Мужчины остались одни.
— Не удивляйся, что я так про Шапкуса, — Мике затворил дверь и еще прислушался, не притаился ли кто. — Вовсе не потому, что не сдал, я не на стипендию живу. В конце концов, сколько можно возиться с ямбами-хореями, когда вокруг столько всяких интересных вещей. Стихи сочинять я не собираюсь, хватит с меня и старушки прозы, а все прочее… Строим новое общество, братец, и всякое трухлявое старье будет волком выть, но дорогу пусть даст! — Он метнул грозный взгляд на дверь. — Только ты… ни за что… — он приложил палец к губам.
— Ясно, — сказал Ауримас.
— Марго, по-моему, соображает, — вздохнул Мике, — а Мета вроде бы не очень… у Грикштаса лежит статья, друг мой.
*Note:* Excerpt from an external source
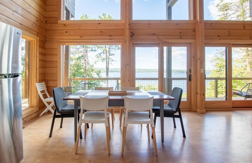 Experience comfort, contentment and joy at Hygge on Seneca. This recently built home is a Pluspuu home as seen in Dwell Magazine. Nestled within a tranquil forest overlooking Seneca Lake, this sustainably built Scandinavian inspired log home will immediately welcome you to a stay of relaxation, privacy and beauty. Stellar west facing views of the lake can be seen from the great room that is an open concept living area combining kitchen, leisure and dining areas clad entirely of glass. Enjoy the memorable sunsets from the wrap around deck or from the comfort of the couch. Adding to the coziness are the comfy couches, ample additional seating, plush rugs, soft cork flooring, sauna room and hot tub.

Восемь страничек. Разносят нас.
— Нас? Кого — нас?
— Да вот… тебя…
— Меня?
— А ведь струхнул! — Мике поднял брови и искоса глянул на Ауримаса. — Не хочешь новую баню? Но там была только водица, дружище, а сейчас поддадут пару…
— Нельзя ли пояснее?
— Ну, тебя-то поменьше, так что не дрейфь, — Мике согнал свои брови вниз. — И может, не в лоб… не по фамилии, как других…
— Как тебя?
— Ага! Да еще как, брат ты мой! — Мике сокрушенно покачал головой. — Да что с них спрашивать. Я член правления, активист, а по нынешним временам руководить… взвалить на себя такое бремя в наш переломный период… Всей секции достается… Без разбору. Впрочем, все-таки с разбором — активу побольше, чем остальным…
— Да чьих же это рук дело? — спросил Ауримас.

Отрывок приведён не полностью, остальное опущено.